Le marché de la musique en France continue de croître et atteint un chiffre d'affaires de plus d'un milliard d'euros en 2024, selon le Syndicat national de l'édition phonographique (SNEP). Il n'empêche que l'utilisation de l'intelligence artificielle dans la création musicale fait débat. Les professionnels exigent le respect du droit d'auteur et une meilleure régulation.

Le ciel est plutôt dégagé pour le marché de la musique enregistrée en France qui continue de progresser. En 2024, il affiche une croissance de 7 % et atteint 1,03 milliard d'euros. Le streaming, avec 17,7 millions d'abonnés, constitue la principale source de revenus. Mais ça n'est pas parce que le secteur se porte bien qu'il faut se reposer sur ses lauriers. Car l'essor de l'IA guette et provoque pas mal de discussion au sein des créateurs.
La présidente de la Fédération internationale de l'industrie phonographique (IFPI), Victoria Oakley, met en garde contre l'utilisation non autorisée des œuvres pour entraîner les IA. Elle rappelle dans Le Monde la nécessité d'une autorisation préalable et d'une rémunération des artistes. Le SNEP partage ces inquiétudes. L'organisation alerte sur l'afflux de contenus synthétiques qui pourraient affecter la création musicale et les droits des artistes. Tous demandent une réglementation plus stricte pour encadrer ces pratiques.
L'industrie musicale défend le respect du droit d'auteur face à l'intelligence artificielle
Les professionnels du secteur musical considèrent que l'IA ne doit pas exploiter les œuvres existantes sans consentement. Selon Victoria Oakley, « La musique n’est pas antitech, c’est une innovation fantastique, nous allons pouvoir faire beaucoup de choses avec l’IA générative, mais il faut l’utiliser dans le respect du droit d’auteur ». Pour elle, les plateformes et entreprises qui entraînent des IA à partir de morceaux existants doivent obtenir l'accord des artistes et les rémunérer. L'objectif est d'éviter que des morceaux soient copiés ou réutilisés sans contrepartie. Elle estime impératif qu'ils aient une réponse claire sur ce point des entreprises qui utilisent de la musique d'autrui pour entraîner leur IA ou créer de la musique « oui ou non, et si oui, vous payez », martèle-t-elle.

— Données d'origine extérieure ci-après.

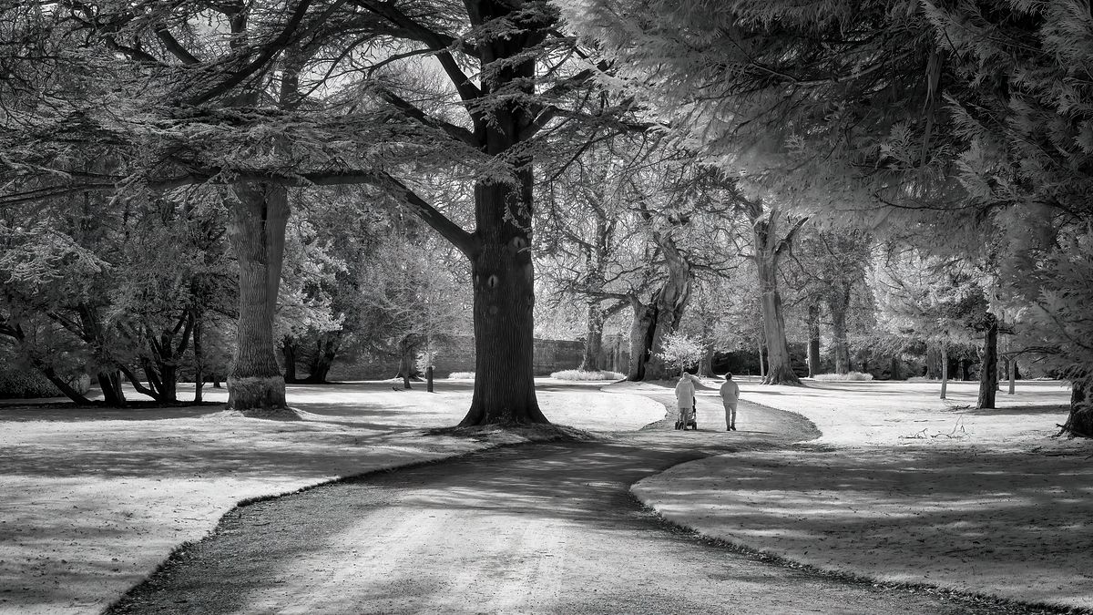 An infrared shot of visitors enjoying a stroll in the spring sunshine in the grounds, heading towards The Walled Garden.

Certains pays discutent de réglementations plus souples. Au Royaume-Uni, un projet proposait une exception au droit d'auteur pour entraîner des IA à des fins commerciales. Cette initiative a provoqué une mobilisation des artistes britanniques, comme Elton John et Dua Lipa. En France, les professionnels de l'industrie musicale estiment que les lois actuelles doivent être préservées et renforcées.

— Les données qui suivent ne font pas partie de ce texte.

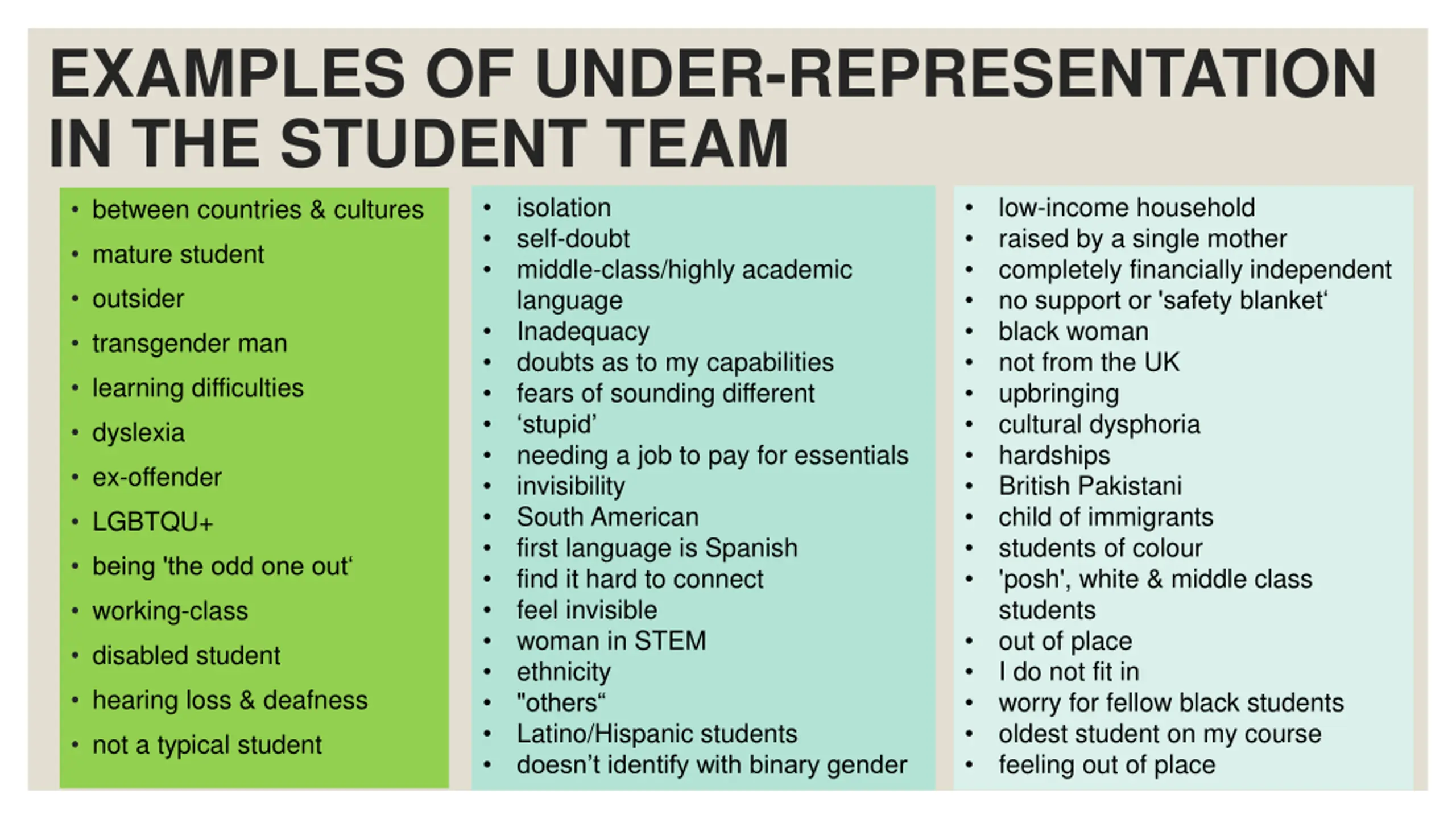 EXAMPLES OF UNDER-REPRESENTATION IN THE STUDENT TEAM between countries & cultures isolation self-doubt middle-class/highly academic language Inadequacy doubts as to my capabilities fears of sounding different stupid needing a job to pay for essentials invisibility South American first language is Spanish find it hard to connect feel invisible woman in STEM ethnicity "others Latino/Hispanic students doesn t identify with binary gender low-income household raised by a single mother completely financially independent no support or 'safety blanket black woman not from the UK upbringing cultural dysphoria hardships British Pakistani child of immigrants students of colour 'posh', white & middle class students out of place I do not fit in worry for fellow black students oldest student on my course feeling out of place mature student outsider transgender man learning difficulties dyslexia ex-offender LGBTQU+ being 'the odd one out working-class disabled student hearing loss & deafness not a typical student
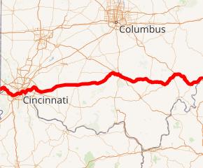 US 50 enters Ohio from Indiana at a traffic light with State Line Road. The route heads northeast as a four-lane undivided highway, passing through farmland and paralleling the tracks of the former Baltimore and Ohio and Big Four Railroad tracks. The highway passes under Interstate 275 before entering the extreme western suburbs of the greater Cincinnati area. The road has an at-grade crossing with former Big Four branch line railroad track, before curving southeast. US 50 has a traffic signal at the intersection with SR 128. Southeast of SR 128, US 50 becomes a four-lane divided highway and cross over the Great Miami River. After the river the route enters Cleves and curves due south and passes through residential properties. In Cleves the highway has a traffic signal with SR 264, before leaving Cleves and entering North Bend. In North Bend the road continues to pass through woodland and residential properties, before passing the monument and tomb of President William Henry Harrison. The highway curves east-southeast and becomes a four-lane undivided highway, before leaving North Bend. The road parallels the Ohio River and passes through a mix of woodland, residential and industrial properties. The route begins to curve northeast and enters Cincinnati.[2][3]
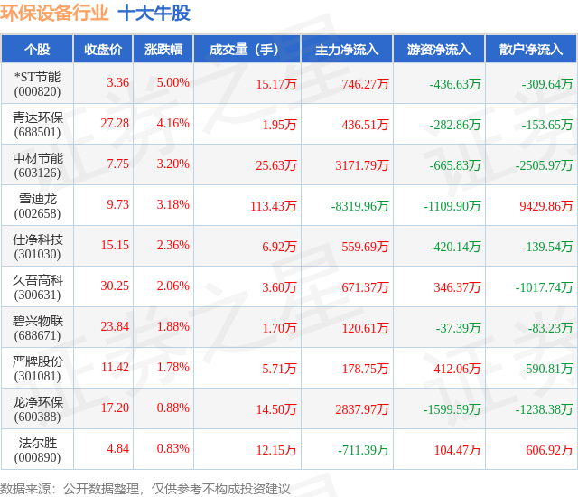个股表现方面,环保设备行业当日领涨股为*ST节能(000820),该股当日报收3.36,上涨5.0%,成交量15.17万,主力资金净流入746.27万元。青达环保(688501)以上涨4.16%紧随其后,该股当日成交量1.95万,主力资金净流入436.51万元。除此之外,中材节能(603126)、雪迪龙(002658)、仕净科技(301030)均进入当日牛股之列。具体个股列表见下表:
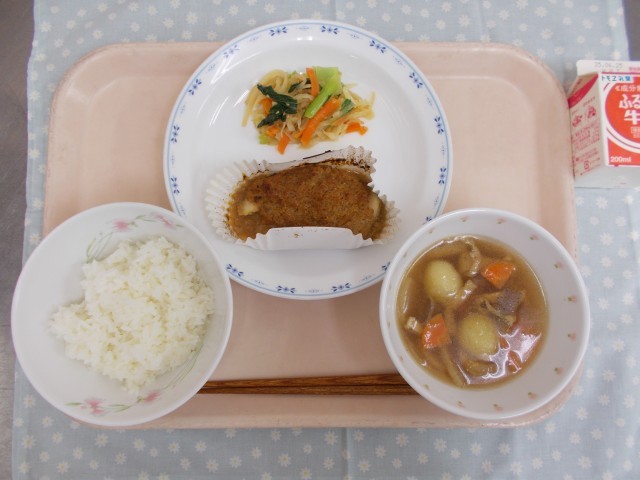 今日の給食は、有機米、有機野菜(にんじん、じゃがいも)、東京都産の小松菜を使った献立にしました。

Alexandre Lasch, directeur général du SNEP, alerte sur la multiplication des contenus générés par IA. Selon lui, si l'IA produit en masse des morceaux inspirés d'œuvres existantes, les créations humaines risquent d'être évincées. Deezer, par exemple, reçoit chaque jour environ 10 % de contenus issus de l'intelligence artificielle. Ces morceaux ne sont pas éligibles aux droits d'auteur ni aux droits voisins. Certains redoutent que les plateformes musicales favorisent ces productions, qui coûtent moins cher et sont plus facilement reproductibles.
L'industrie musicale insiste sur la responsabilité des plateformes et des entreprises exploitant l'IA. Les artistes demandent un cadre juridique plus clair pour garantir une protection de leurs œuvres. L'objectif est d'éviter que l'intelligence artificielle ne s'approprie des morceaux sans accord préalable ni rémunération. Comme partout ailleurs, tout travail mérite salaire.

L'impact de l'intelligence artificielle sur la créativité et la place des artistes humains
C'est aussi les conséquences de l'utilisation des IA génératives dans la musique sur l'avenir de la création musicale qui inquiète. Pour Victoria Oakley, si les artistes ne conservent pas le contrôle de leurs œuvres, la créativité pourrait en souffrir. Elle prévient que « demander une autorisation une fois l'œuvre déjà exploitée ne suffit pas ». Elle estime qu'un système d'autorisation préalable permettrait d'éviter ces pratiques.
Le risque est aussi économique. La multiplication des contenus synthétiques pourrait compliquer la monétisation du travail des artistes. Les algorithmes pourraient également favoriser les morceaux créés par IA, moins coûteux pour les plateformes. Alexandre Lasch souligne que les productions humaines doivent être protégées contre cette concurrence.
L'engouement pour le streaming joue aussi un rôle. Avec plus de 17 millions d'abonnés en France, il influence la manière dont la musique est consommée. Certains artistes se retrouvent en difficulté face aux algorithmes de recommandation qui favorisent les morceaux les plus écoutés. L'absence de distinction entre les morceaux créés par IA et ceux des artistes humains pourrait transformer le marché.